Uno sporco affare. Francia: esportazioni sottocosto di energia


Ogni anno la Francia esporta circa 70 TWH (mille miliardi di Watt) di corrente elettrica, pari a circa il 20% del proprio consumo totale. Nessun altro paese sviluppato scambia altrettanta elettricità con i suoi vicini. Per rendersi conto dell'ampiezza del problema si consideri che le esportazioni francesi sono pari all'intero consumo annuale belga. Le massicce esportazioni di corrente comportano una maggiore produzione di elettricità che proviene per un quarto dalle centrali a carbone e per il resto dagli impianti nucleari. L'EdF (Electricitè de France) inonda quindi l'Europa di elettricità prodotta in impianti inquinanti.
A livello europeo, la maggior parte dei paesi tendono ad equilibrare le importazioni di elettricità con le esportazioni, solo Francia, Austria e Svizzera sono largamente eccedentarie. Non casualmente sono proprio questi tre paesi i maggiori esportatori di elettricità in Italia. Per inciso notiamo che la Svizzera è il principale importatore di elettricità dalla Francia ma è anche un forte esportatore di elettricità verso l'Italia! In pratica: compra elettricità dalla Francia per rivenderla all'Italia. Bisogna poi notare che esistono dei paesi, soprattutto Gran Bretagna e Olanda, che pur essendo in una situazione di sovracapacità produttiva in campo elettrico, continuano ad importare corrente a buon mercato dalla Francia.

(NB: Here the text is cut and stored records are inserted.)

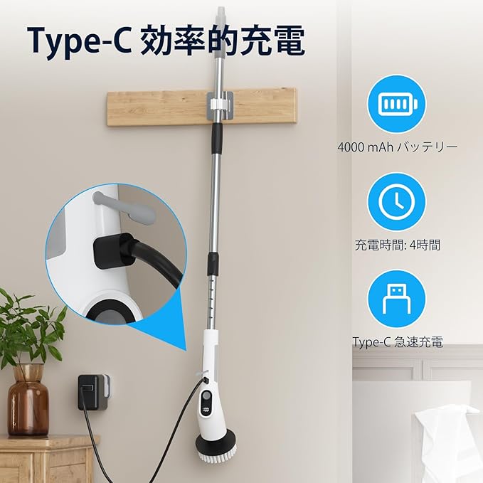 【長時間の清掃に役立つ大容量バッテリー】当社の電動スクラバーは4000mAhの大容量バッテリーを搭載し、最大90分間の連続使用が可能です。浴室、キッチン、床のお手入れなど、日常のあらゆる清掃ニーズに応え、電池切れの心配なく作業を完了できます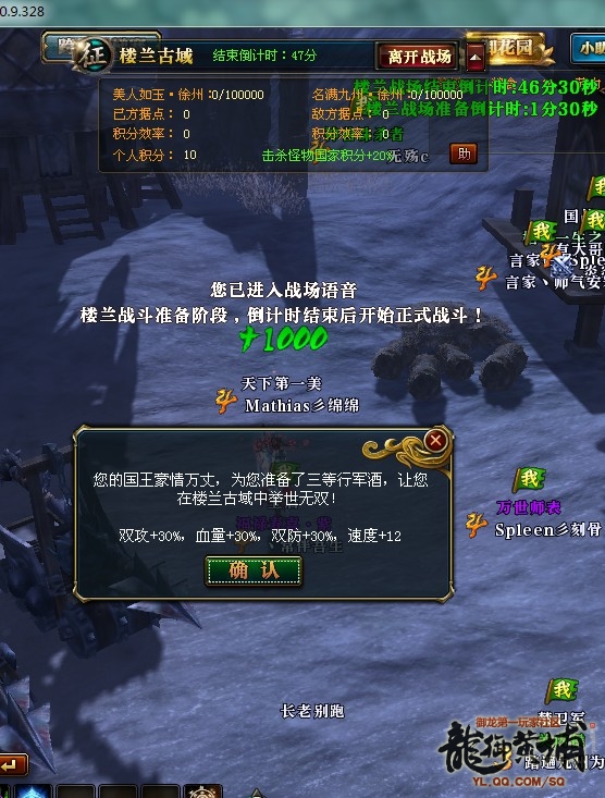 【美人如玉】才进入130级封印,徐州虽然拥有2套15星战将了,可是国力其实才是普通国,但是一直以来这个国家的战斗气势永远处于最旺盛,很多原因来源于有一个楼兰战役很多丰富经验的指挥官:“Mathias彡小伟”,他充满激情的指挥方式也让国民十分热情,带动起战士们的勇气,而且会做很具体的分析与迎战战略。还有一位爱国的国王“Mathias彡AoJie”,很多次国王都会慷慨大方的购买楼兰行军酒,给予勇士们的最好状态,可以痛快淋漓的发挥。 今天晚上也是如此,【美人如玉】徐州在进入楼兰战场之前就做好了充分的准备,果然在战场上又一次遇见老对手【名满九州】徐州,两国已经交锋多次,【名满九州】徐州的级别已经在150级封印了,而且高战也很多,多次的对战也很熟悉彼此的战斗攻略,尤其是今天晚上的楼兰战役是这一期最后一站,双徐国也处于同样楼兰遗迹占有度165,所以,为了最高荣誉,必定是非常惨烈的交战。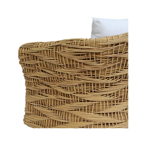 The Caluma Sofa celebrates sculptural weaving and modern resilience. Crafted over a powder-coated aluminum frame, its generous silhouette is wrapped in handwoven synthetic rattan that mirrors the warmth and rhythm of natural fiber. The layered patterning and soft curves evoke relaxed coastal living, while performance cushions ensure enduring comfort in outdoor settings. Both expressive and inviting, Caluma brings texture and ease to covered patios, garden lounges, or open terraces.
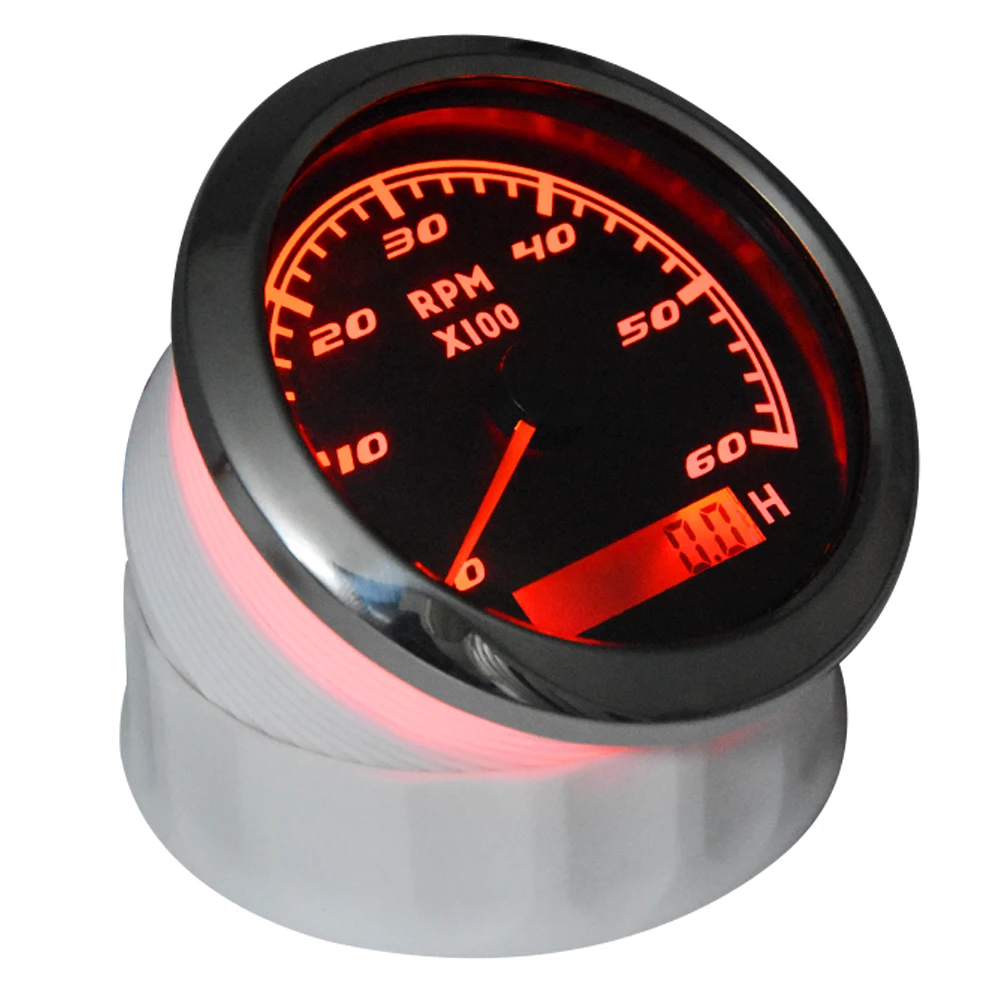Tachometer With Hourmeter 85MM Tacho Gauge Pulse 12V/24V for Marine Boat Yacht 6KRPM Speed Meter Gauge Waterproof 316 SS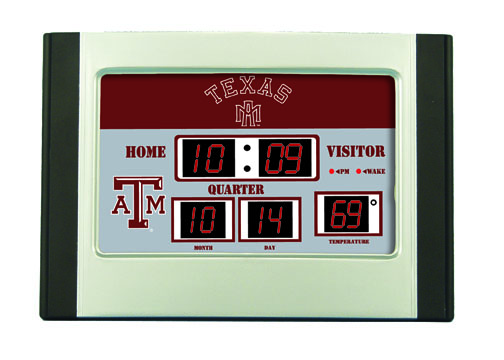 This is a cool looking mini-sized alarm scoreboard clock. Shows the time, date, and temperature and features eight different alarm settings. Measures 6.25"x9.5"x3.5" . Normally ships in 3-5 business days.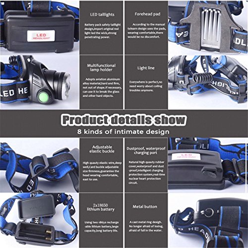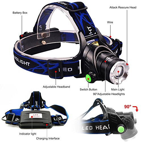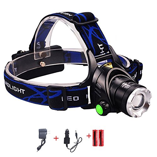N.CHOICE Zoomable 3 Modes Super Bright LED Headlamp with Rechargeable Batteries, Car Charger, Wall Charger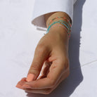 A tiny treasure of a bracelet. One line of the smallest hexagon glass beads embraces your wrist closing with a dainty carabiner, extension chain and logo tag. It is about 17 cm long and can be extended up to 2 cm. All metal pieces are 24k gold dipped made in Germany and Italy.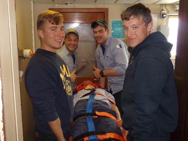 - Deck Instructor 3rd Mate Porter and Cadet Mates practice Medical Emergence Response.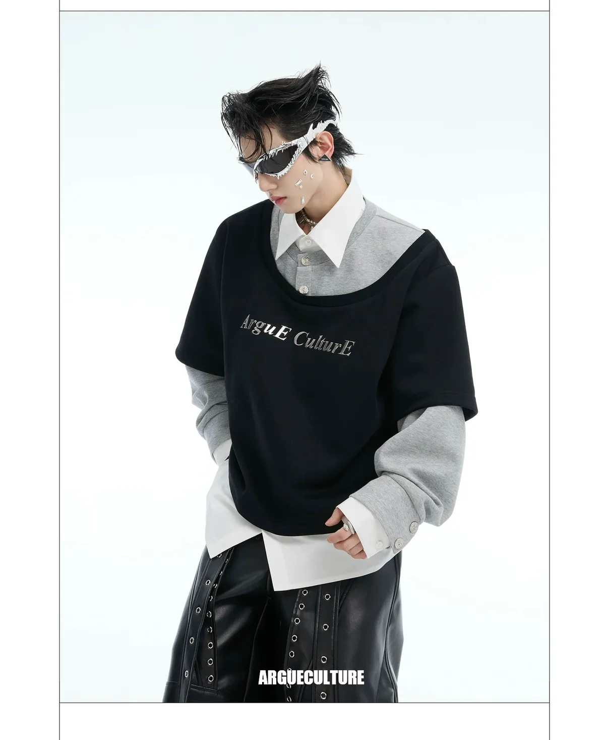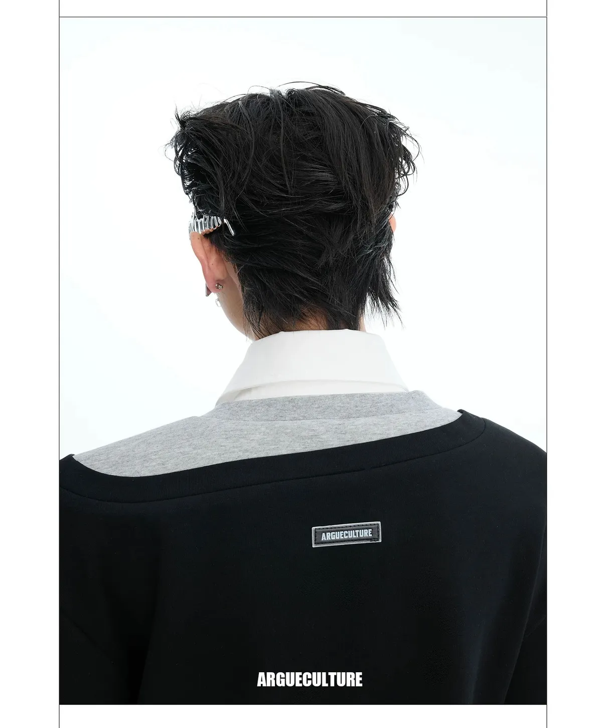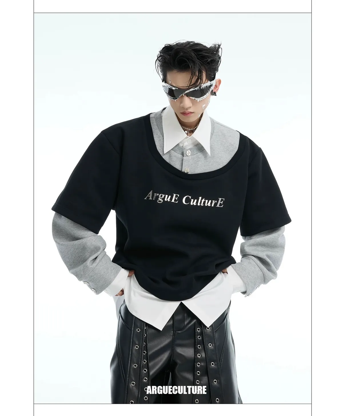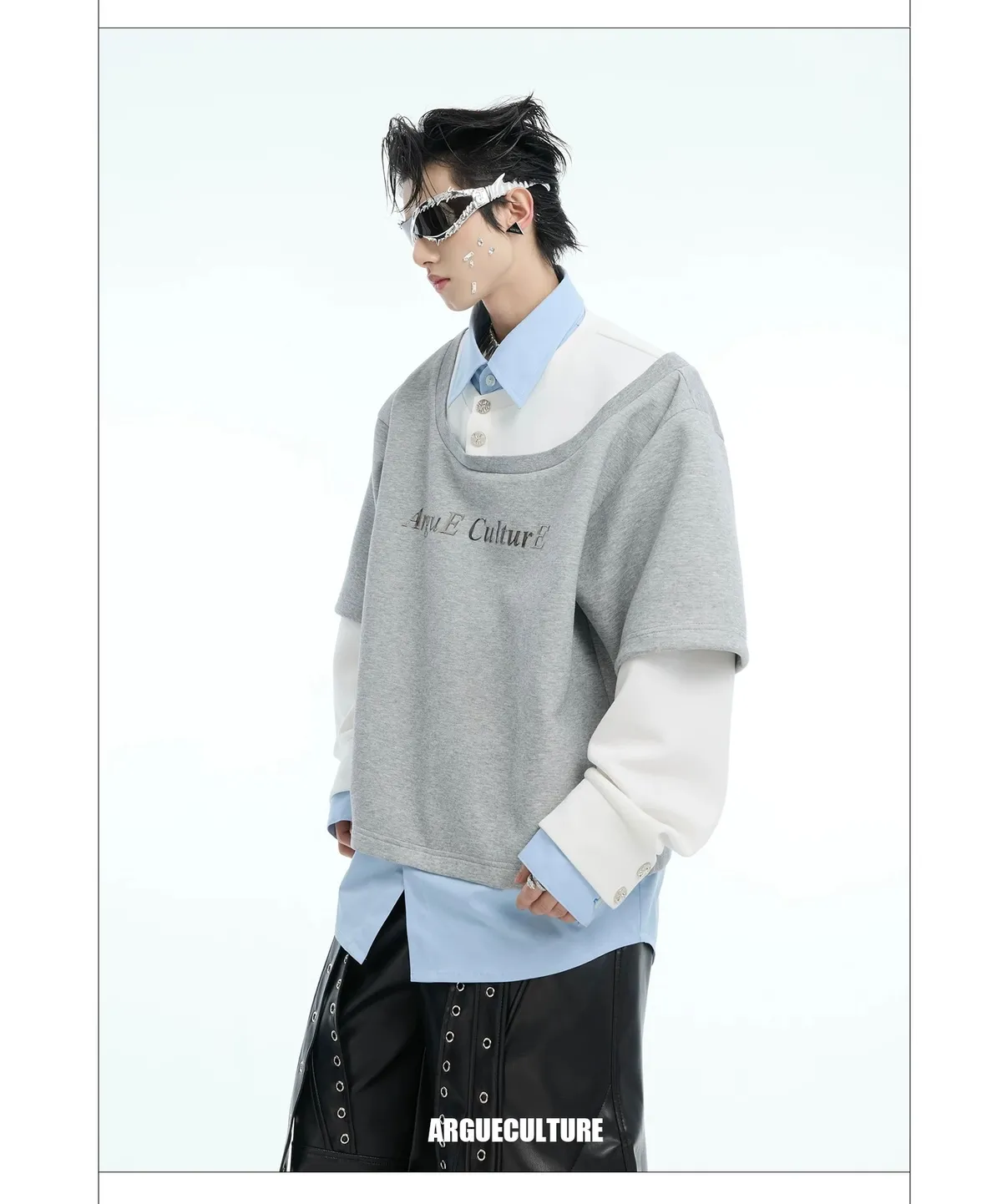 ARGUE 假三件層次 拼接 長袖(黑/灰)

Siamo dunque arrivati al nocciolo del problema: la convenienza economica delle esportazioni francesi di elettricità. Come ora ben sappiamo nelle ore di minor richiesta di energia, come nella notte fra il 28 e il 29 settembre, l'ENEL e gli altri produttori tengono spenti gran parte dei loro impianti perché è più conveniente utilizzare l'energia a basso costo proveniente dall'estero, soprattutto dalla Francia, che produrla in Italia. Secondo quanto hanno cercato di farci credere i vari Marzano, Scaroni, Tabacci e compagni, questa convenienza deriverebbe dal fatto che quella importata è energia di origine nucleare, quindi meno costosa. Si tratta di una balla!

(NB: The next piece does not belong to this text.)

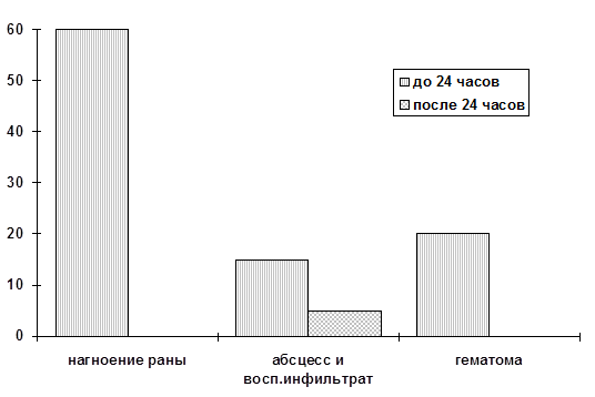 Вывод : Из таблицы следует , что среди послеоперационных осложнений наибольшую часть (60%) составляют нагноения раны. Распределение больных с определенным диагнозом по срокам поступления

Se si considera il totale dei costi legati alla produzione di energia nucleare, se si considerano cioè anche i costi di investimento, quelli per lo smantellamento delle centrali obsolete, quelli per la gestione delle scorie, l'assicurazione contro i rischi, i costi esterni, ecc., il bilancio delle esportazioni di elettricità comporta per l'EdF un deficit annuale stimato secondo fonti ufficiali in circa 700mila euro nel 2001. Secondo altre fonti tale deficit sarebbe ben più pesante: da 1,5 a 6 miliardi di euro! Insomma: l'EdF vende all'estero elettricità ad un prezzo inferiore al suo costo di produzione. La differenza viene fatta pagare al contribuente francese che con la bolletta ripiana le perdite provocate dalle esportazioni. Insomma: l'Italia e gli altri paesi importatori di elettricità dalla Francia approfittano di una politica dissennata che produce inquinamento e scorie e che aumenta i rischi di un incidente nucleare nel cuore d'Europa.

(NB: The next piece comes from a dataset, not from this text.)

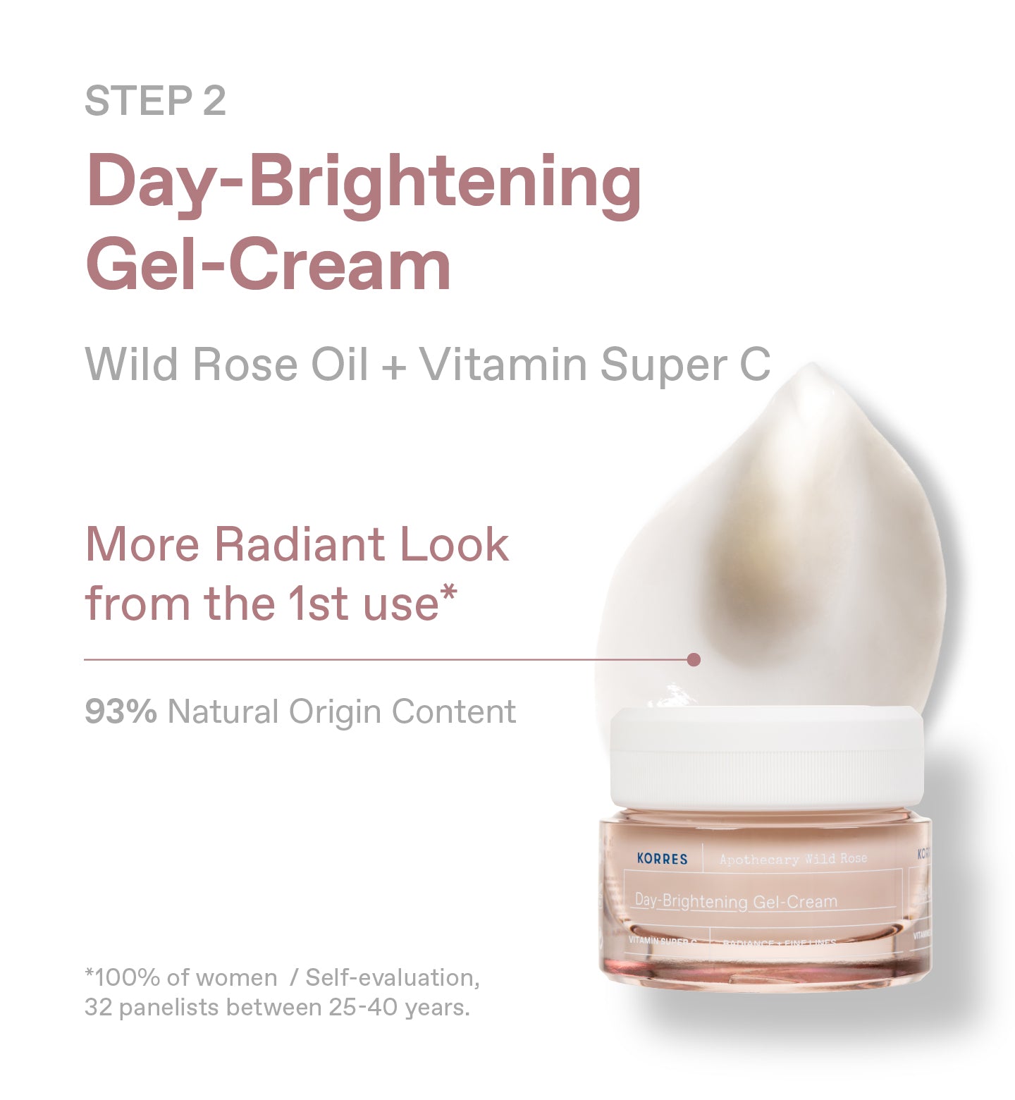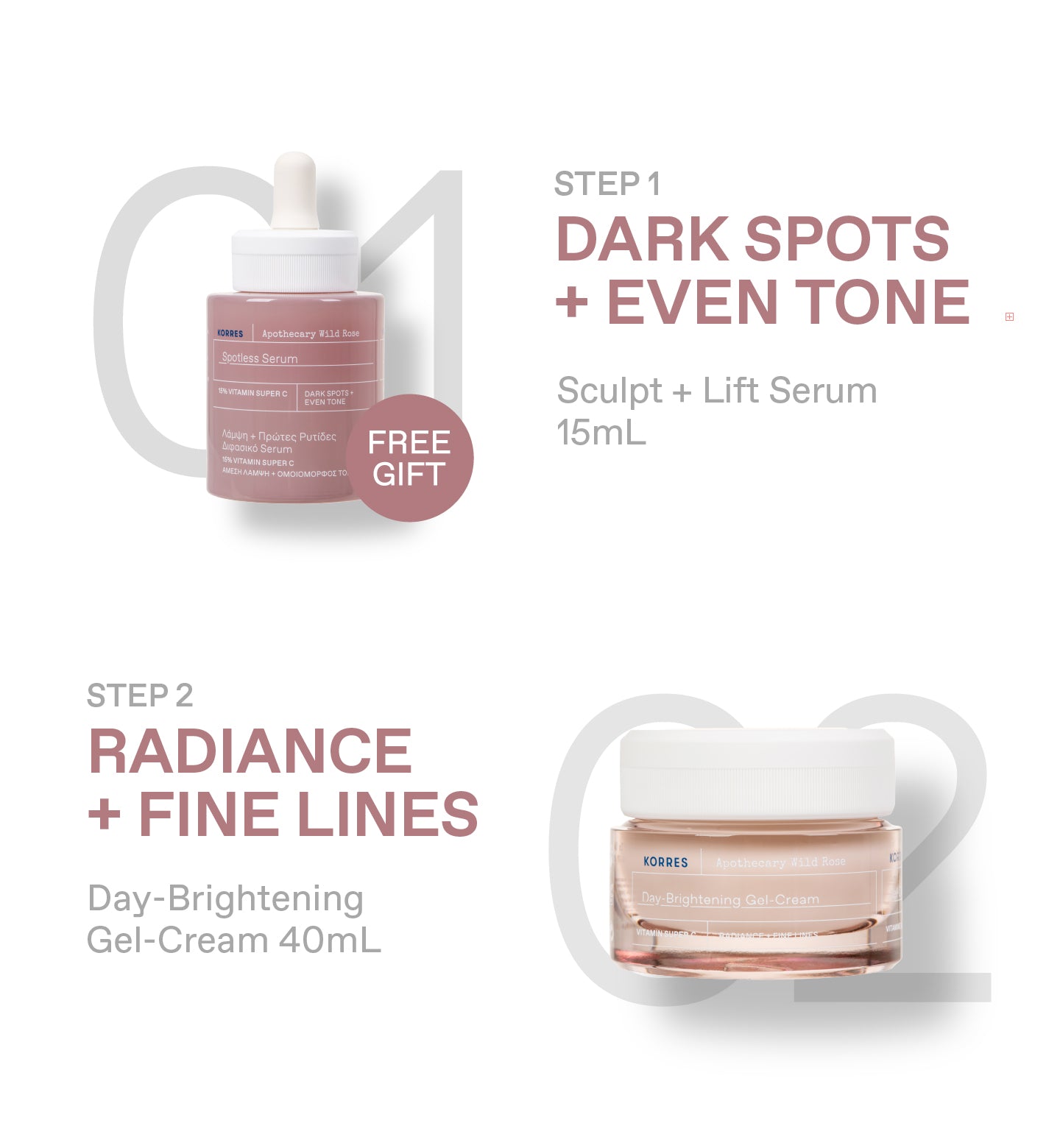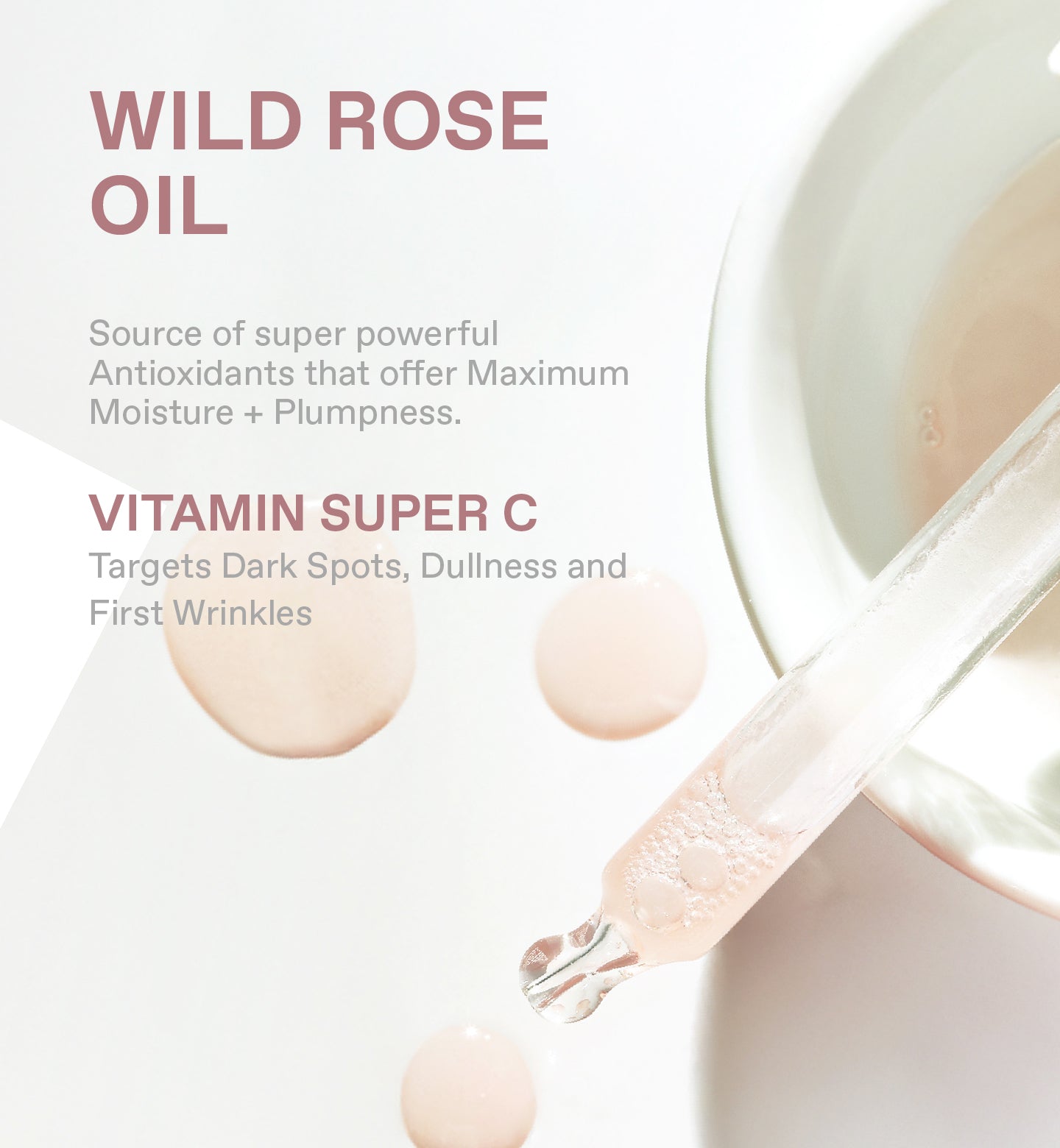 Notre Duo Éclat enrichi en Huile de Rose Sauvage, source d’omégas repulpants et en Super Vitamine C éclaircissante.

Ma c'è di più. Con la sua politica di esportazioni a basso prezzo la Francia finisce con l'indirizzare la produzione europea a scapito delle energie prodotte da fonti rinnovabili: clamoroso il caso dell'Olanda, forte importatrice di energia francese, dove alcuni impianti di cogenerazione sono stati chiusi poiché non competitivi con l'energia di importazione!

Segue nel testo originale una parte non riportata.